Das kann ich mir schon vorstellen, ja. Wahrscheinlich eher auf unbewusster Ebene oder vielleicht auch, weil ich dadurch einen recht offenen Zugang zur Musik habe und versuche, Schubladendenken zu vermeiden. Das wird leider zu häufig getan, dass Stile bewertet und streng eingeordnet werden. Ich finde, da geht viel zu viel Zeit und Energie drauf mit diesen Diskussionen und Streitigkeiten, das bringt keinem etwas. Was jemandem gefällt ist wieder eine andere Frage und natürlich gibt es verschiedene Geschmäcker, aber es geht letztendlich um Musik. Bei mir hat sich das breitgefächerte Interesse auch durch meine Lehrer entwickelt, die mich inspiriert haben zu schauen, was es noch für Stile auf der Welt gibt. Ich war ja am Anfang bei der Blasmusik und hatte damit meine ersten wertvollen Bühnen- und Auftrittserfahrungen, obwohl es meinen Geschmack nicht wirklich trifft. Jedenfalls bin ich im Laufe der Zeit auch am Drumset vom Pop-Reportoire abgewichen und habe durch die Lehrer, die in verschiedensten Stilen fit waren, einen weiteren Blick bekommen. Es ist aber vielleicht kein Zufall, dass ich mich besonders für diese Horizonterweiterung interessiere und letztendlich bin ich jetzt sowohl als Schlagzeuger als auch als Percussionist tätig.

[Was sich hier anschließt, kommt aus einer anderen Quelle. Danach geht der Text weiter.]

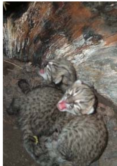
Two Geoffroy's cat cubs, here 10 days old, born in January 2006.

Several litters (1.8 cubs per litter) were recorded during summer and spring, but no reproductive activity was observed during the drought of 2003. Main mortality causes detected were starvation and high parasite loads (during the drought of 2003), road accidents, predation by puma, and illegal hunting (outside the national park).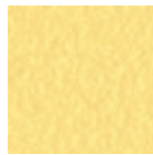
Pastel Yellow Steel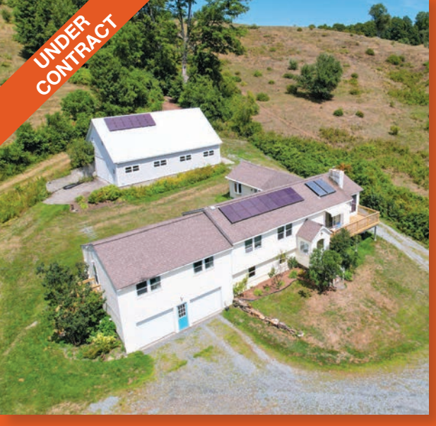
204 HEWITT HILL ROAD - Pomfret, VT $499,000

5 The Green, Woodstock, VT • 802-457-2600 | 35 South Main Street, Hanover, NH • 603-643-0599 team@snyderdonegan.com www.snyderdonegan.com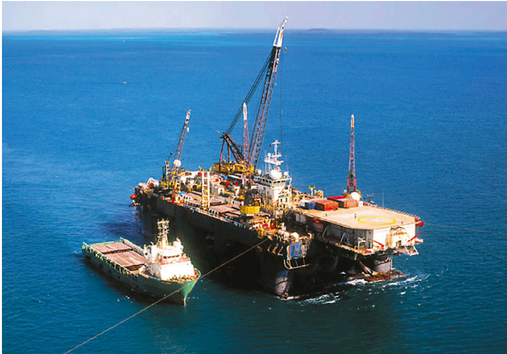
Typical anchored laybarge (above) and pipe supply vessel.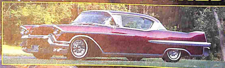
'57 Candy Caddy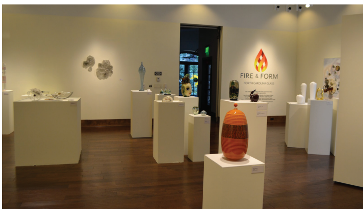
Gallery view of Fire & Form: North Carolina Glass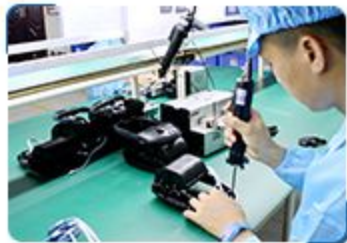
5. Accessories Assembling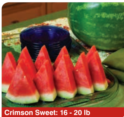
Crimson Sweet: 16 - 20 lb

Kingman is a 36/45-count watermelon that offers firm, crisp flesh and tiny pips. Plus, it has strong vines and has high yield potential. Bright red, tasty flesh makes this a melon great for eating.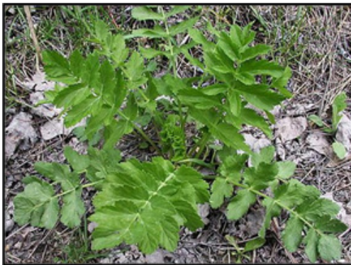
Wild Parsnip basal rosette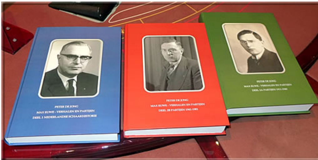
The new Euwe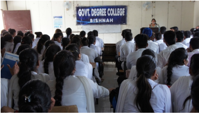
College organised a function on 03.08.2019 to inaugurate Newly constituted curricular and co curricular clubs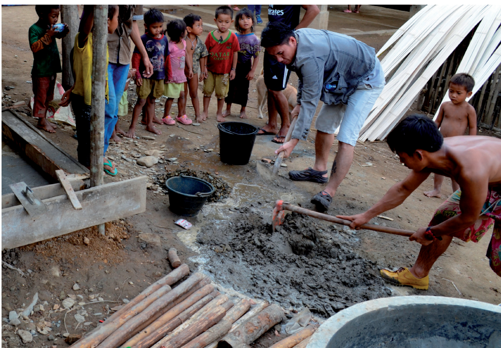
◀ Household Sanitation Facilities Pak Beng district, Oudomxay province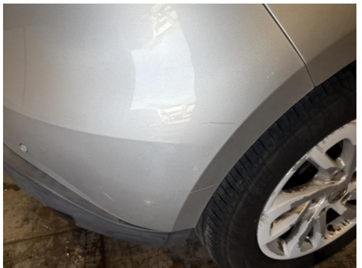
8: Bumper Rear Scratched Over 100mm Thru Paint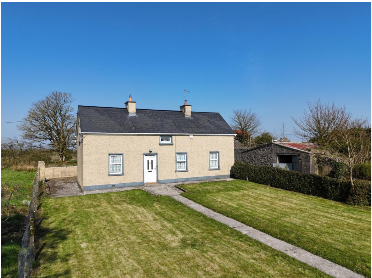
Lot 3: Residence On C. 1.50 Acres, Castleteheen, Castlerea, Co. Roscommon. F45 K304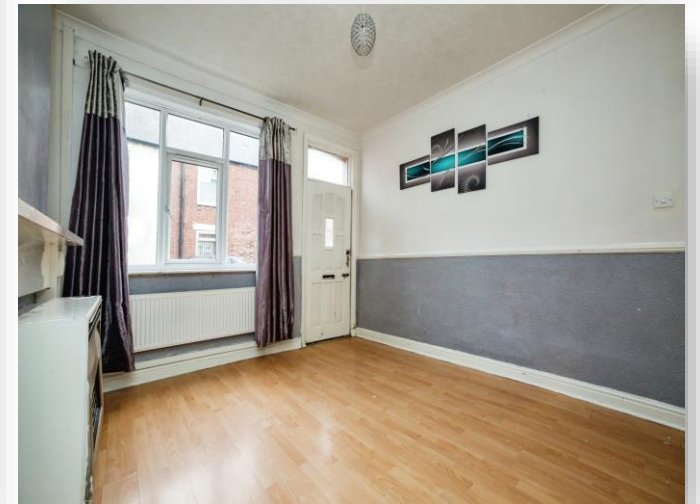
Gosling Gate Road, Goldthorpe Rotherham S63 9LU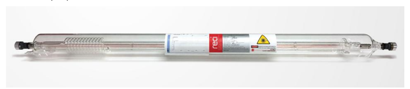
Figure 1 Location of safety symbols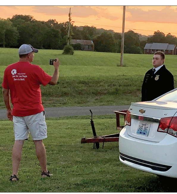
This year's FFA banquet was filmed and presented virtually, due to Covid-19.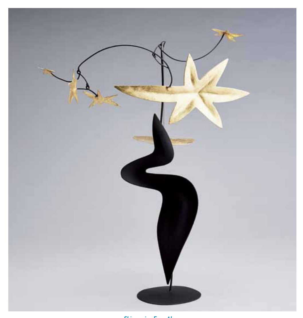
Shimmering From Above Standing mobile in brass and aluminum with steel wires and nylon cord, oil color and 23 karat gold leaf 17 x 12 x 11" MD852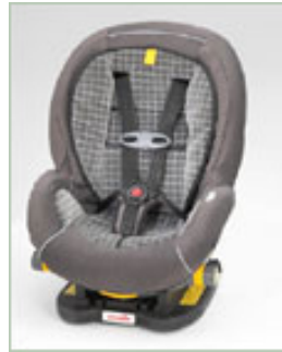
Evenflo TRIUMPH RF 5-30lbs/FF 20-40lbs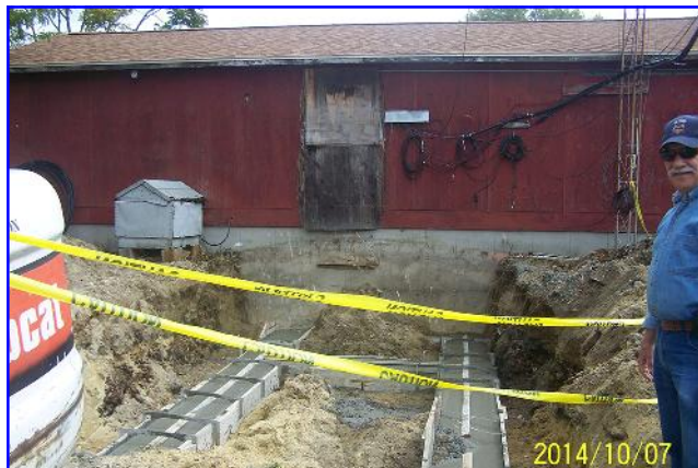
MARCEL-W1MLD "CLERK-OF-THE-WORKS" SURVEYS THE NEWLY POURED BASE FOUNDATION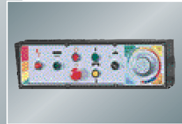
Convenient control panel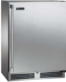
Solid Door Model

Perlick ® QUALITY & INNOVATION THAT INSPIRES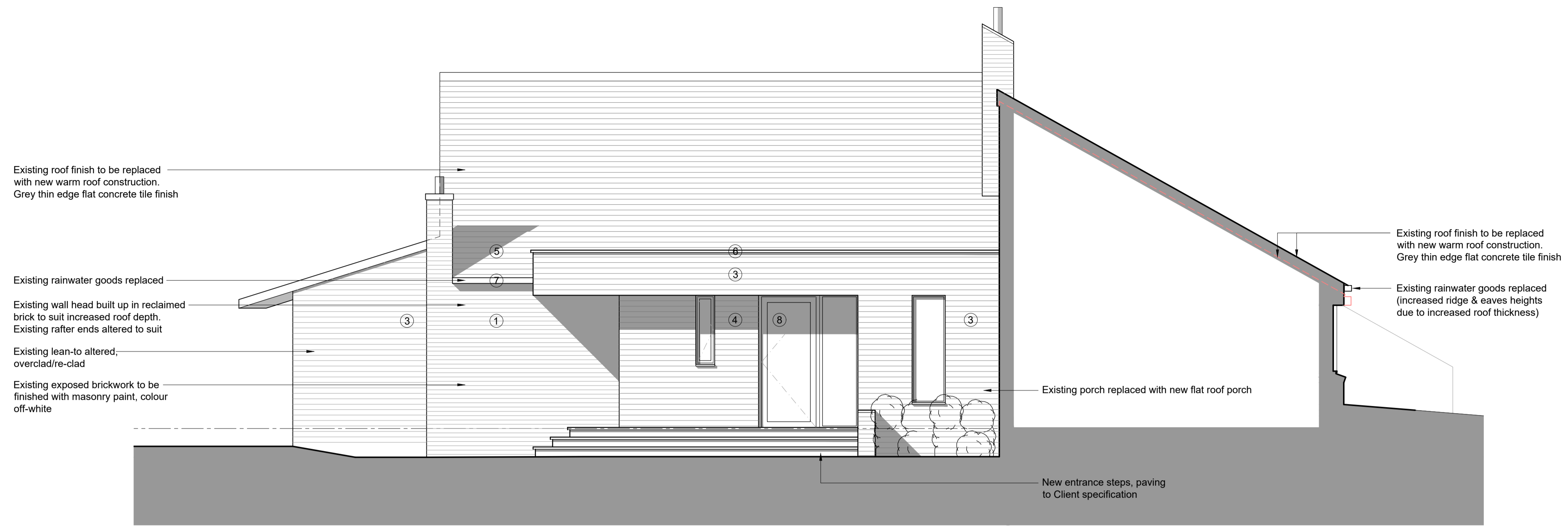
1 West Elevation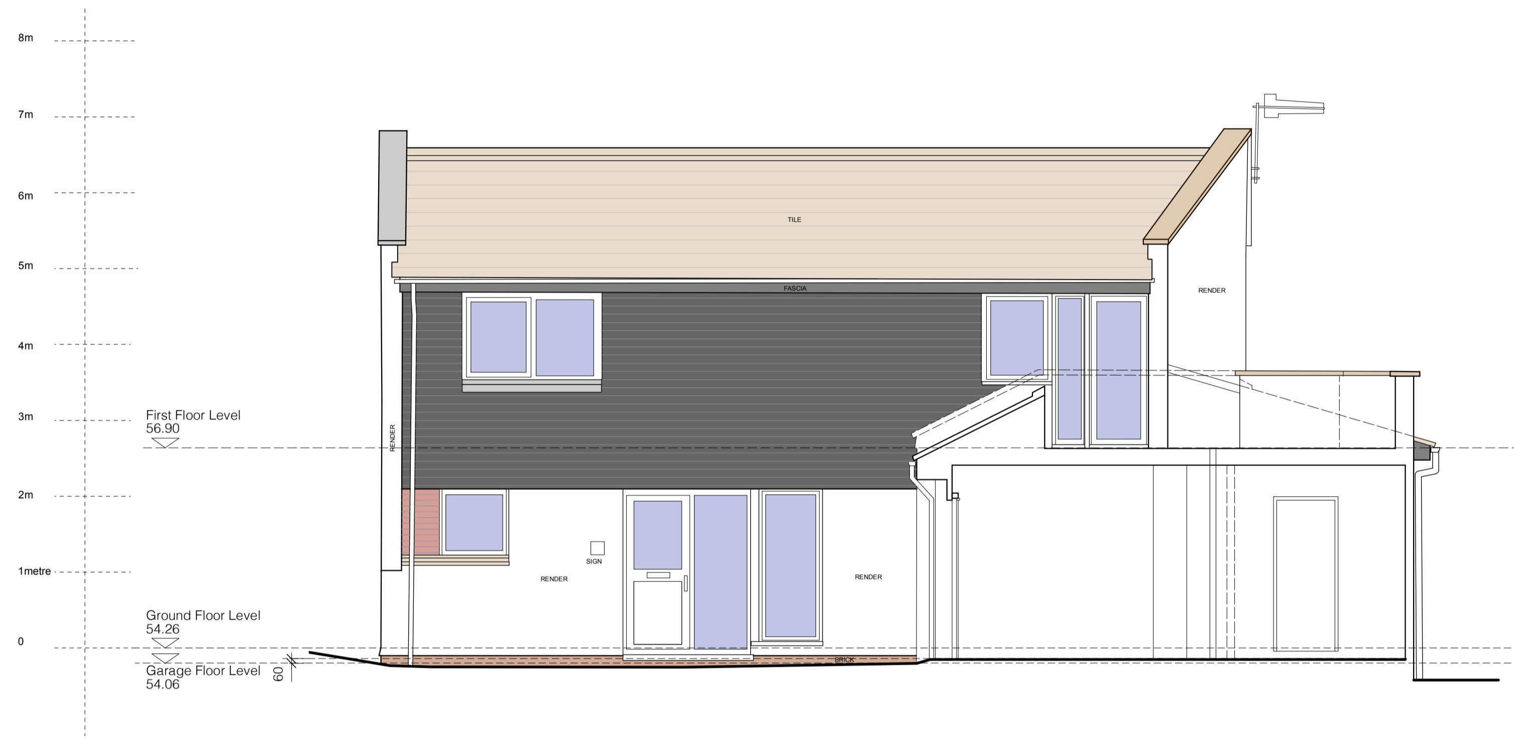
SECTION A - A

A 10/01/24 DG Updated in accordance with clients requirements Rev Date Initials Details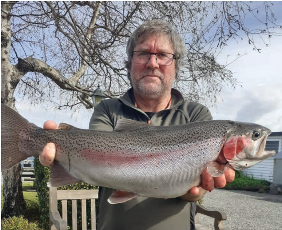
Those New Zealand North Island trout do grow large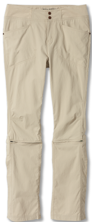
Women's Jammer Zip n Go pants ROYAL ROBBINS

You may opt out any time. Terms and Conditions and Privacy Policy .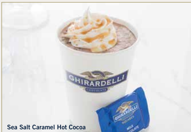
Sea Salt Caramel Hot Cocoa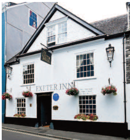
The Old Exeter Inn

The Old Exeter Inn at Ashburton is old as the name suggests and one can only wonder at what has really gone on in a building of this age. It is very likely to be the 5th oldest Inn in the United Kingdom. Built in 1130 a.d. to house the workers of St Andrews Church, directly opposite, the Exeter was originally known as the Church House Inn and these properties were used by the Church to raise funds by brewing and selling ale. It is also the oldest building in the beautiful ancient stannary town. It later changed its name to Exeter Inn when the principle patron of the region became the Bishop of Exeter.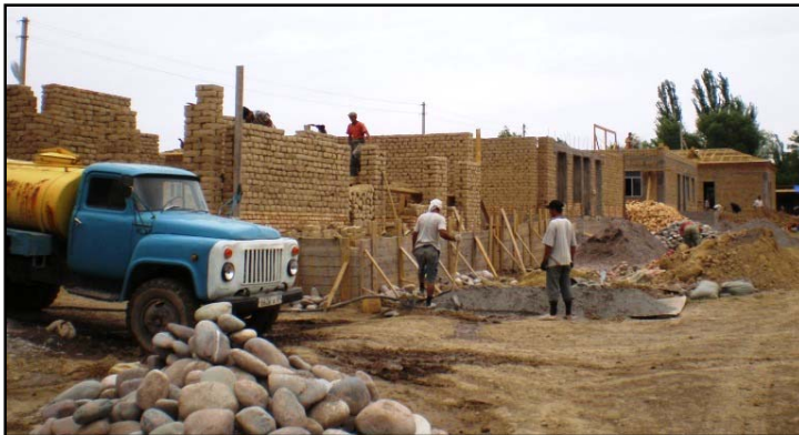
Photo 1: Progress of ongoing construction at the new settlement (plot 1)

Power supply lines and street lamps are still being installed. The construction of access and internal roads is also on-going.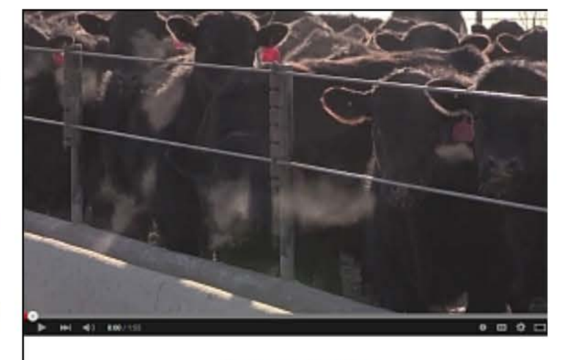
Angus VNR: Jump-start your dream

Other alternative forages include Sunn hemp, a tropical summer legume. Sunn hemp grows tall, requires cowpea or mung bean inoculant, and can be grazed or cut as forage when young. Cowpea, which is actually a bean, is another summer annual. Cowpeas can be grown as a summer cover crop and can be grazed or cut. Daikon radish can be used as a forage in spring or summer, or as a stockpiled forage or a cover crop.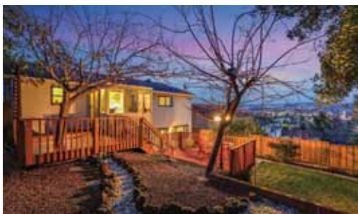
2849 Jennifer Drive, Castro Valley Pending! Over 70 Showings In 4 Days, Multiple Offers Received, Way Over List.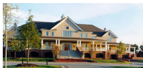
Clubhouse, Capitol Hill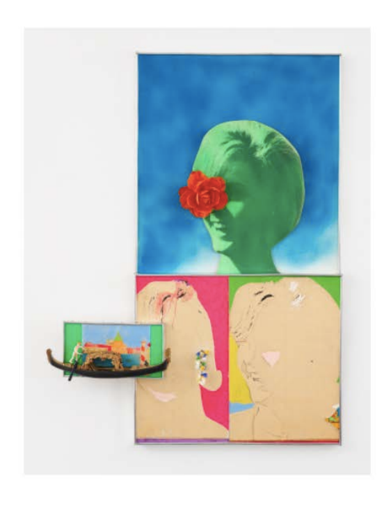
LEFT: NOW, 2017, acryl on canvas, 82.28 x 69.09 inches (209 x 175.5 cm). RIGHT: Portrait de Gabriella la jolie vènetienne, 1963, mixed media on canvas, 34 5/8 x 24 7/16 x 3 3/4 inches (88 x 62 x 9.5 cm).

-ary change. But in the late 1970s, he bravely returned to painting with renewed intensity, creating dream-like landscapes and portraits in lush, sumptuous colors. His singular and prolific painting practice has continued to the present day, defined by increasingly large-scale compositions layered with allusions to art history, mythology, and literature, with a particular emphasis on portraiture. Contemporary artists, including many at mid-career, have demonstrated a renewed interest in figuration. Raysse's oeuvre may be credited as a significant source of inspiration for this new generation.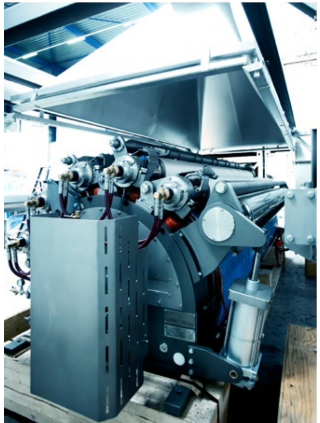
ANDRITZ Gouda single drum dryer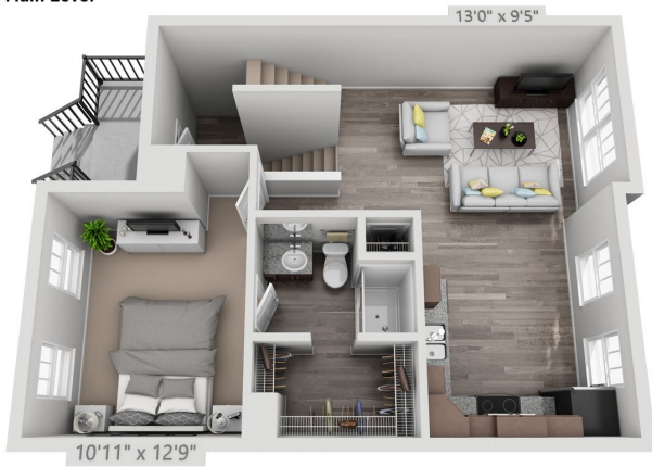
Renderings are an artist's conception and are intended only as a general reference. Features, materials, finishes and layout of subject unit may be different than shown. 3DPlans.com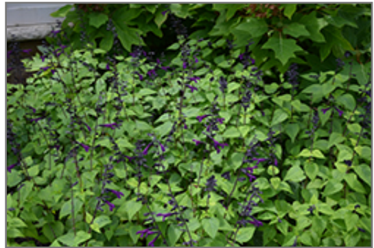
Bodacious Smokey Jazz Sage in bloom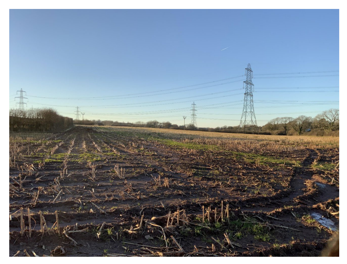
Illus 2 F2, looking west-northwest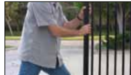
fail-safe release Never be locked out (or in) of your property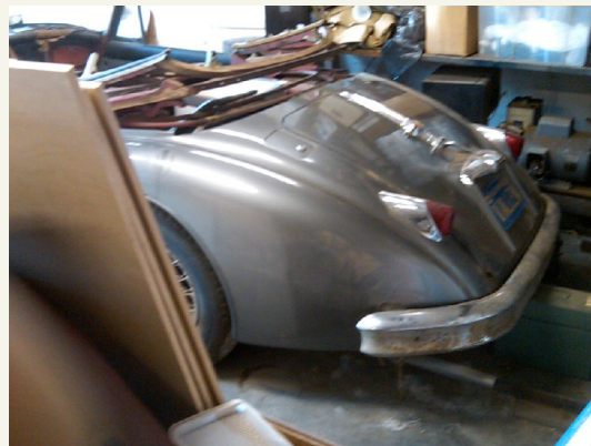
Project III XK150 DHC in the Giglio garage in Long Beach.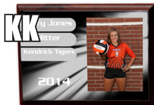
KK) 5X7 PLAQUE: $20 Cherry wood base with acrylic cover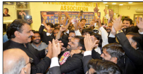
HYDERABAD: Lawyers celebrate after the wining in District Bar Council Election.

The deadly attack targeted coal miners in the conflict-hit province of Balochistan, raising security concerns for laborers working in the area.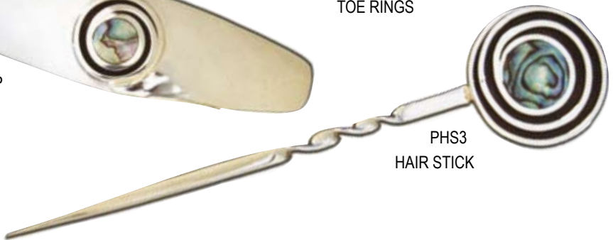
PHS3 HAIR STICK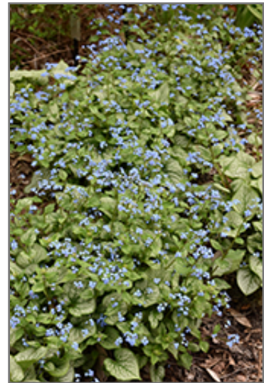
Jack Frost Bugloss in bloom

Jack Frost Bugloss is a fine choice for the garden, but it is also a good selection for planting in outdoor pots and containers. It is often used as a 'filler' in the 'spiller-thriller-filler' container combination, providing a mass of flowers and foliage against which the thriller plants stand out. Note that when growing plants in outdoor containers and baskets, they may require more frequent waterings than they would in the yard or garden.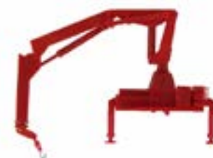
# 5395 - Small hoist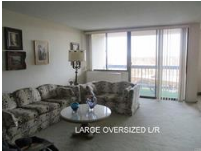
L/R WITH WATERVIEW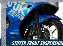
STIFFER FRONT SUSPENSION

Wie sehr trennst du diese zwei Tätigkeiten? Beziehungsweise wie sehr beeinflussen sich Schlagzeug und Percussion gegenseitig?

Also die erste Phase bei der Percussion war bei mir im Grunde ein Ausprobieren, das war eigentlich eh schon in der Orff-Schulung, da ist auch eine Djembe herumgestanden, auf der ich herumprobiert habe. Mein zweiter Schlagzeuglehrer hat sich selbst im Laufe der Zeit immer mehr auf Percussion konzentriert und er hat mir sehr viel davon vermittelt. Dabei hat es klick gemacht, vor allem eben auf der körperlichen Ebene. Der Kontakt zum Instrument ist ein viel direkterer, da du nicht deinen Stick als verbindendes drittes Glied dazwischen hast, sondern den Ton unmittelbar mit deiner Hand erzeugst. Das betrifft sämtliche Handpercussion-Instrumente. Das klingt jetzt vielleicht so, als würde ich die Percussion bevorzugen, aber das stimmt so auch nicht. Für mich läuft es vielmehr ständig so dahin, dass sich Schlagzeug und Percussion gegenseitig befruchten. Ein wichtiger Grund, warum ich auch am Schlagzeug die Latin-Sachen gut spielen kann ist nicht nur das viele Hören der entsprechenden Musik, sondern vor allem auch, dass ich meist zuerst die Perspektive der Percussion verstehen wollte, also quasi den Ursprung von Samba, Cha-Cha, Bolero und dergleichen an den jeweiligen Instrumenten. Beschäftigt man sich damit, dann bekommt man ein viel besseres und tieferes Verständnis für das Ganze und kann es dann in weiteren Schritten für das Spiel am Drumset adaptieren und umsetzen. Ich würde diese Vorgehensweise generell empfehlen, wenn man afrikanische oder lateinamerikanische Rhythmen am Set spielen will. Zuerst einen Blick darauf zu werfen, welche Instrumente damit verbunden sind, denn es geht letztlich nicht nur um den Rhythmus, sondern auch sehr stark um den Sound. Nur als Beispiel: Wenn ich eine Cha-Cha spielen soll, dann weiß ich, dass zumindest Congas, Guiro, kleine Cowbell und Maracas als wichtigste Elemente dabei sind. Wenn es dann ans Set geht muss man sich überlegen, was sich ausgeht, um es mit seinen vier Extremitäten im Spiel zu vereinen. Dafür muss man sich dann ein System zurechtlegen, wie es zum Beispiel Horacio Hernandez auf großartige Weise getan hat oder auch Dave Weckl oder Alex Acuña, um die Virtuosesten in diesem Bereich zu nennen.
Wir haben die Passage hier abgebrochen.